I clutch the soaked garments to my chest, peering back toward the water distorting the outline of three guards, their colorful wings wide and swords drawn.

“My…my foot. It got wedged between two rocks,” I lie, loud enough so the two women in white waiting on the shore with stacks of towels and garments can overhear.

“You’re lucky you didn’t drown.”

I glance back at those guards. Drowning was the least of my worries.

Together, we make our way to shore. It’s not until one of the Tuath women hands me a towel that I realize how badly I’m trembling. I wrap the dry linen around myself. Before we receive our uniforms, a burly man with a thick black mustache stalks out of one of the many passageways dotting the stone wall.

“Hands please,” he orders, removing a golden dagger from the sheath at his belt.
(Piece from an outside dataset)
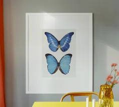 Verfraai je kamer met deze betoverende foto van libellen, waarop deze delicate wezens in al hun glorie te zien zijn. Libellen staan bekend om hun prachtige iriserende vleugels en sierlijke bewegingen en symboliseren transformatie en aanpassingsvermogen in de natuur. Dit prachtige beeld vangt de ingewikkelde details en levendige kleuren van deze prachtige insecten, waardoor het een perfecte aanvulling is voor natuurliefhebbers, entomologie liefhebbers, of iedereen die op zoek is naar een vleugje natuurlijke schoonheid in hun interieur.

Braith hisses in a breath when he pricks her thumb. A deep-red drop of blood wells from the tiny wound, which the man adds to a page in the notebook from his pocket. His hazel gaze slides to mine. “You’re next.”

Not wanting him to see my mating bond and start asking questions, I offer my right hand. The cut only hurts for a moment, and once he has collected my blood, the man disappears back through the same passageway.

I suck on my sore finger until the bleeding stops. “What is the blood for?”